The car was much bigger than the Golf referred to above, and would swallow passengers and loads. It was really quite wide, and I lost three passenger door mirrors over the years because I never quite appreciated just how wide it was once the mirror was added.
Good training for my later cars, which (with mirrors) are apparently wider than an XJ6!
I love summer in England…everyone in sweaters and jackets, overcast, everything brilliantly green.
“Cowley (or BMW Plant Oxford as we are asked to call it) is the only currently active car manufacturing site in the UK which was building cars before 1939.”
Sure about that?
Vauxhall has been making cars in Luton since 1905, and still makes trucks there.
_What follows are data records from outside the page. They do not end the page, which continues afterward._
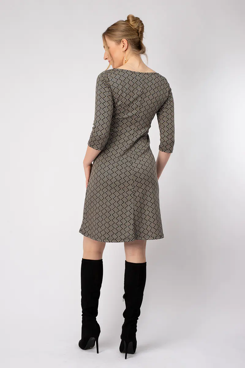 Kleid AUDREY zeichnet sich durch einen geradlinigen Schnitt in leichter A-Form aus. Der Halsausschnitt ist oval mit einem dekorativen „V“ in der Mitte.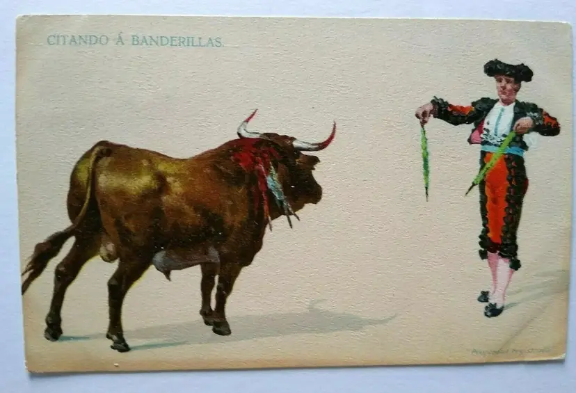 Features: Divided Back, Embossed Custom Bundle: No Subject: Bullfight Number of Items in Set: 1 Occasion: Bullfighter Era: Pre-War (Pre-1914) Size: Standard (5.5 x 3.5 in) Country/Region of Manufacture: Unknown Material: Paper Brand/Publisher: Unknown Postage Condition: Posted Artist: Unknown Original/Licensed Reprint: Original Unit of Sale: Single Unit Theme: Greetings Type: Printed (Lithograph) Year Manufactured: 1909
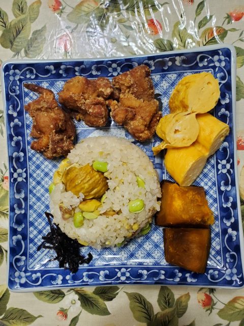 鳥の竜田揚げ、卵焼、かぼちゃの煮物、葉唐昆布ときのこの味噌汁を添えました。

Or do you mean the same ACTUAL factory that has existed since before 1939? I know the Vauxhall plant is newer than that, but continuous manufacturing has gone on there since 1905. While looking this up I was surprised to learn that Ford no longer makes ANY cars in old Blighty, just R&D, engines and transmissions, the last UK made Ford was a Transit van which rolled of the end of the Southampton line in 2013, ending 100 years of Ford production in the UK.
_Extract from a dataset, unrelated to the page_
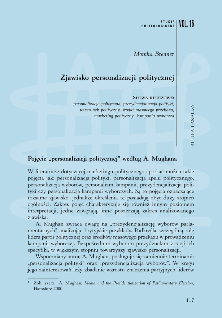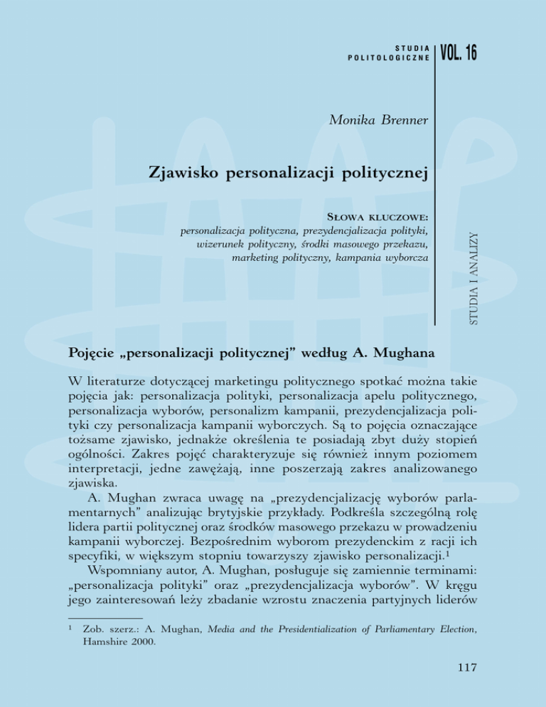 STUDIA POLITOLOGICZNE VOL. 16 Monika Brenner SŁOWA KLUCZOWE: personalizacja polityczna, prezydencjalizacja polityki, wizerunek polityczny, środki masowego przekazu, marketing polityczny, kampania wyborcza STUDIA I ANALIZY Zjawisko personalizacji politycznej Pojęcie „personalizacji politycznej” według A. Mughana W literaturze dotyczącej marketingu politycznego spotkać można takie pojęcia jak: personalizacja polityki, personalizacja apelu politycznego, personalizacja wyborów, personalizm kampanii, prezydencjalizacja polityki czy personalizacja kampanii wyborczych. Są to pojęcia oznaczające tożsame zjawisko, jednakże określenia te posiadają zbyt duży stopień ogólności. Zakres pojęć charakteryzuje się również innym poziomem interpretacji, jedne zawężają, inne poszerzają zakres analizowanego zjawiska. A. Mughan zwraca uwagę na „prezydencjalizację wyborów parlamentarnych” analizując brytyjskie przykłady. Podkreśla szczególną rolę lidera partii politycznej oraz środków masowego przekazu w prowadzeniu kampanii wyborczej. Bezpośrednim wyborom prezydenckim z racji ich specyfiki, w większym stopniu towarzyszy zjawisko personalizacji.1 Wspomniany autor, A. Mughan, posługuje się zamiennie terminami: „personalizacja polityki” oraz „prezydencjalizacja wyborów”. W kręgu jego zainteresowań leży zbadanie wzrostu znaczenia partyjnych liderów 1 Zob. szerz.: A. Mughan, Media and the Presidentialization of Parliamentary Election, Hamshire 2000. 117 MONIKA BRENNER w brytyjskim systemie parlamentarnym. Z tego względu używa częściej sformułowania „prezydencjalizacja” będącego bardziej trafnym przy analizie wyborów parlamentarnych. Konstruuje także, ogólny model zjawiska personalizacji w demokracji. Według niego, „prezydencjalizm” zakłada niezależny wpływ (impact) liderów partyjnych w pojedynczym głosowaniu, podczas gdy personalizacja zakłada, że ten wpływ staje się silniejszy”.2 Prezydencjalizacja jest pojęciem trafniejszym w przypadku analizy brytyjskiego systemu politycznego. Zadaniem liderów, kandydatów jest przyciągnięcie zwolenników, zniechęcenie przeciwników do głosowania, wzmocnienie identyfikacji z osobą lidera bądź organizacją czy ideą jaką reprezentuje. Jego celem jest także ukształtowanie pozytywnego wizerunku w umysłach głosujących. Personalizacja odnosi się do dwóch wymiarów: prezentacji i wpływu (siły uderzenia). Pierwszy wymiar odnosi się do przywódcy jako głównego podmiotu kreowanej idei czy reprezentowanej partii (lider staje się publicznym wizerunkiem). Personalizacja prezentacji to sposób, w jaki współcześnie prowadzi się kampanie, zarówno parlamentarne, jak i prezydenckie. Wskazanie przyczyny tego zjawiska, jaką niewątpliwie jest wpływanie na głosujących poprzez środki masowego przekazu, głównie telewizję. Drugi wymiar dotyczy wpływu, jaki ma przywódca na decyzje elektoratu. Wpływ ten nie zależy tylko od roli mediów, ale także od instytucjonalnej struktury politycznej, pozycji przywódcy. Niektóre systemy parlamentarne są bardziej podatne na prezydencjalizację, niż inne. Autor podaje za przykład Włochy oraz Japonię, gdzie systemowo starano się powstrzymać ewentualne wyłonienie silnego przywódcy. Jednakże słabość dominujących partii wraz z częstym odwoływaniem się w kampaniach do telewizji, doprowadziła w latach 90. XX wieku do narodzin „politycznych osobowości”, które zdobywały głosy dla swoich ugrupowań. We Włoszech punktem zwrotnym był rok 1994, kiedy magnat prasowy S. Berlusconi3, który pod etykietką partii w zasadzie nie istniejącej organizacyjnie, wykorzystał sieć mediów, aby „sprzedać” siebie i swoje ugrupowanie i zostać premierem, nie piastując wcześniej żadnego obieralnego urzędu. W Japonii, rozpad dominującej4 Partii Liberalno-Demokratycznej w 1993 roku i rozwój telewizji jako środka prezentującego polityczne 2 3 4 Tamże, s. 11. S. Berlusconi zawdzięcza zawrotną karierę polityczną środkom masowego przekazu, których był właścicielem, w szczególności włoskiej telewizji. Pod tym pojęciem mam na myśli siłę i pozycję partii na scenie politycznej. 118 STUDIA I ANALIZY / SP Vol. 16 Zjawisko personalizacji politycznej kwestie, dał szanse rozwojowi nowej generacji liderów – dobrze „wypadających w mediach polityków”, zdobycia poparcia poza tradycyjną strukturą partyjną. Przykładem może być Morihiro Hosokawa, który sformował rząd koalicji reform w 2000 roku.5 A. Mughan podkreśla także, iż zjawisko personalizacji polityki nie jest łatwe do udowodnienia, ponieważ samo pojęcie nie jest proste i jednoznaczne. Samo rozróżnienie pomiędzy jego prezentacją a wpływem jest pierwszym wskaźnikiem jego złożoności. Rodzi się bowiem pytanie: czy pozytywna bądź negatywna ocena przywódcy są równie ważne dla głosowania i czy obie podążają tą samą drogą. Ze względu na tę złożoność nie można potwierdzić ani zaprzeczyć zjawisku personalizacji na podstawie pojedynczych przykładów. Aby ustalić, że personalizacja ma miejsce, należy korzystać z różnych źródeł i rozszerzyć zakres czasowy obejmujący analizę. Ustalić, na ile personalizacja ma rzeczywiste znaczenie, od jakich czynników zależy, jak: tryb wyboru przywódcy (np. prezydenta), czas trwania kadencji, specyfika systemu medialnego, reklama polityczna, wpływają na stopień personalizacji.6 Wielu autorów rozpatruje rolę lidera (kandydata) w kampanii wyborczej, zarówno w kontekście wyborów parlamentarnych, jak i prezydenckich. Niektórzy z badaczy podkreślają, że w europejskich systemach parlamentarno-gabinetowych istniejący wzorzec rządów partii osłabia oddziaływanie cech kandydatów na indywidualną decyzję wyborczą, a większą rolę w tym zakresie odgrywają partyjne platformy. Jednocześnie jednak zauważa się nasilenie procesu „personalizacji” wyborów.7 W

My sisters Holden Vectra was a rebadged Vauxhall built in Elsemere, Holden on the grille on the radiator shut panel Vauxhall motors and anothe plate with Opel AG it certainly got around.
Would Morgan have moved to a new factory after WW2?
Off-topic, I know, but I love the way postcards of old factories always showed smoke coming out the stacks-a sign of industry and progress; a very good thing. Now it means unregulated air pollution, and is likely to start an argument about the existence of man-made global climate change. Sigh.
There was a great smog in London in 1952 and another one 10 years later which I remember that eventually covered the whole country.Today there’s probably not enough factories left to cause smog!
Some nice cars, and a nice history lesson for us Yanks. Thanks Roger!
After I wrote-off my first Mini in about 1970, and whilst I was rebuilding it, I bought a 1955 Morris Oxford, exactly like the one above, POW 850, to run about in. It cost me £10 and had a Gold Seal (reconditioned) engine, red leather seats and was built like a tank. Apart from the fact that it was like being in a ship on high seas when negotiating roundabouts, it was an excellent runner, albeit rather thirsty. A VW Beetle ran into the back of it at traffic lights one day – the rear overrider planted itself in the nose of the Beetle leaving a healthy dent in the VW and not a scratch on the Oxford. Sold it for £15.